Suppose, though, that you can't send a one-time pad with someone. Perhaps they will be going elsewhere indefinitely, or forever. Perhaps a one-time pad is too dangerous for them to carry (since it's pretty obviously incriminating evidence). What can you do instead?

For World War II and most of the Cold War, the answer was highly unsatisfactory: you made hard-to-figure-out keys that didn't look like keys. Another example from The Imitation Game, (a great movie if you're not trying to substitute it for reading Andrew Hodge's brilliant biography Alan Turing: The Enigma): the Soviet mole, who is working inside a far-above-top-secret facility into which he dare not take any suspicious object, was using passages from the King James Bible as his key. Though it still produces some very difficult code to break manually, presumably there will be recurring patterns produced by overlaps of frequent words. For example, if GERMAN and BEGAT line up every so often (one is likely to be frequent in the message, the other in the key), and if what we're doing is adding the numbers for the two letters, subtracting 26 if necessary, and then converting to a letter, the letter combination IJYNU would show up extra frequently.

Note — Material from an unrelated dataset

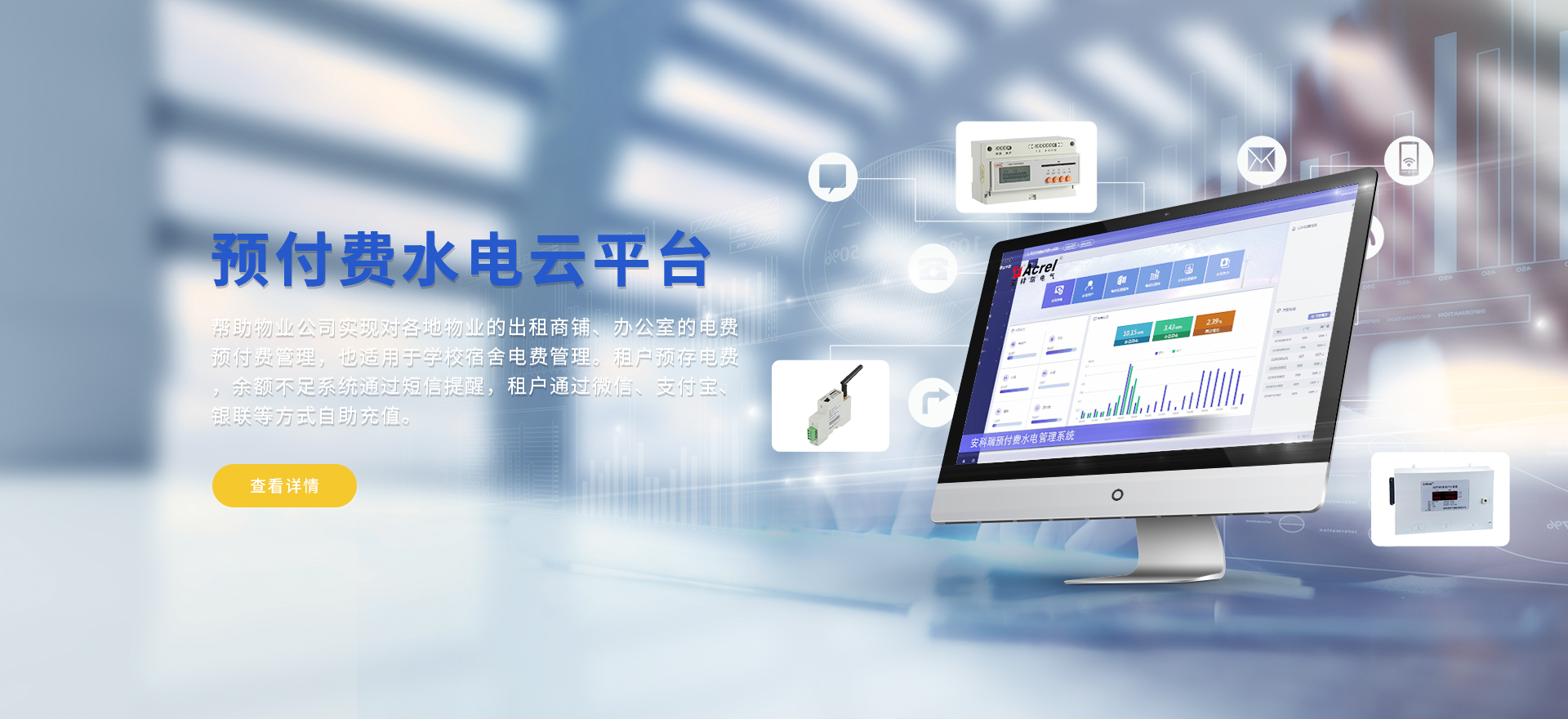 安科瑞提供的解決方案包括Acrel-EIoT能源物聯網云平臺、變電所運維云平臺、安全用電管理云平臺、環保用電監管云平臺智慧消防云平臺能源管理云平臺、工業企業能源管控平臺、遠程預付費云平臺、餐飲油煙監管云平臺、電動汽車/電瓶車充電樁收費管理云平臺、電力監控/無線測溫系統、電能質量治理系統、電氣火災監控系統、消防設備電源監控系統、防火門監控系統、應急照明和疏散指示系統、智能照明控制系統、醫用隔離電源絕緣監測系統等,幫助用戶實現能源智能化、可視化、精細化管理,提高用能效率和用能安全,為企業節能降耗和實現能源數字化建設提供數據服務。

The genius of the Enigma machine was that the key wasn't written out as a key, but an initial setting for a machine that then automatically generated the key as needed; each time you pushed a key to encode a letter, three internal rotors turned by specified amounts, reorganizing the substitution of the next letter. To read the message you had to know which three (of a possible 5) rotors were in which order at which starting positions, plus how a plugboard was arranged, and since the pattern was changed every night at midnight, the Germans thought it couldn't be broken at all, given the huge number of possible combinations. But again, it was breakable because there was a pattern to the Enigma's generation of the key, and a pattern to the German messages underneath, and an enormous sample (when there's that much of a war going on, and everyone is talking to everyone else, the message volume is huge).

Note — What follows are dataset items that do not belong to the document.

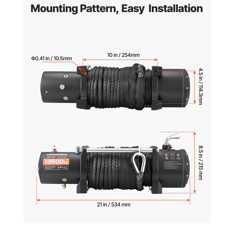 • Powerful Pulling Force: This winch boasts a 13,500 lbs load capacity, ensuring quick recovery from mud or sand. No gear distortion worries with its robust design. Perfect for SUVs and pickups.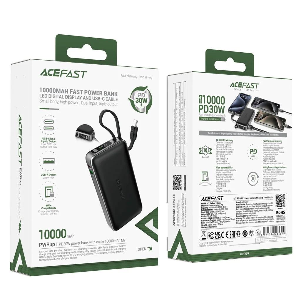 Acefast M7-10000 PD30W Powerbank beépített kábellel – Fekete Fedezd fel a kényelem új szintjét az Acefast M7 powerbankkal – egy megbízható társ a mindennapi kihívások és utazások során. A 10,000 mAh kapacitással és a 30W PD gyors töltéssel mindig biztos lehetsz benne, hogy készülékeid készen állnak az indulásra. A beépített USB-C kábel kiküszöböli a további kábelek hordozásának szükségességét, és a több portos funkcionalitás lehetővé teszi különböző eszközök egyidejű töltését. A modern LED kijelző tájékoztat a töltöttségi szintről, a kompakt és elegáns kialakítás pedig tökéletes illeszkedést biztosít bármilyen zsebhez vagy táskához. Az fejlett biztonsági megoldások garantálják a készülékeid biztonságát, nyugalmat biztosítva a használat során. Engedd meg magadnak a szabadságot és a töltés biztosításának bizonyosságát az Acefast M7-tel! Műszaki adatok:- Márka: Acefast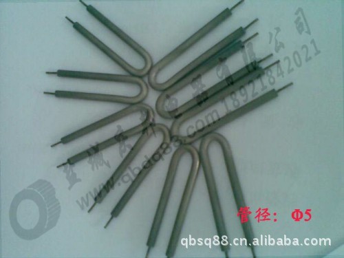 U/W型电热管是在不锈钢管内均匀分布高温弹簧状电热丝,并在周围空隙填入导热和绝缘性能良好的氧化镁粉,通过引出棒与电源线连接,或者直接出高温导线、防水线。金属管状电热元件机械强度好,可按需求弯成U型电热管、W型加热管或者异型发热管。

So the Cold War began in a rough tie between encrypters and decrypters (since the British had shared some of their codebreaking methods with us voluntarily and others with the Soviets via espionage). One-time pads were unbreakable (and still are and always will be as long as the numbers are truly random) but you had to hand off the pad between sender and receiver somehow, and the pad itself could be stolen, intercepted, lost, etc. Generated keys had patterns in them and were therefore breakable, even with enormously complex and sophisticated key-generation machines (and later, software). If a government, agency, business, or other organization changed keys often enough, and the key wasn't reused too much, and the process of generating it was not too obvious or wasn't stolen by the opposition, then most messages could be kept secret for long enough, most of the time, with the codebreakers occasionally getting ahead of the game because they got bigger, faster computers to run the breaking software on, or because the encrypters made a mistake somewhere.

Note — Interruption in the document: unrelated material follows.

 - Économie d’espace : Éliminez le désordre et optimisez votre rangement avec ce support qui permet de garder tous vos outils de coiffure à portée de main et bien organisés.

And then in the 1970s some nice mathematicians came along and put the encrypters so far ahead that they've been there ever since. They figured out a variety of processes using (what they hope are) one-way functions.

A one-way function is simply a process with numbers that is easy to do in one direction but hard to do in reverse. "Easy" and "hard" might have a genuine universal meaning related to the P=NP question, but for applied engineering purposes, it's always just "relative to the capabilities of the people with the secret and the people trying to get the secret."

In particular, the encryption mathematicians discovered a process in which it was quite easy to encode using the digits of a very large number (say two thousand bits, which is about a 600-digit number in decimal) that was a semi-prime, i.e. the product of two primes, but the process only worked backwards with enormous effort, so the message was hard to decode -- unless you had the "trap door," the value of one of the two primes, in which case it was easy.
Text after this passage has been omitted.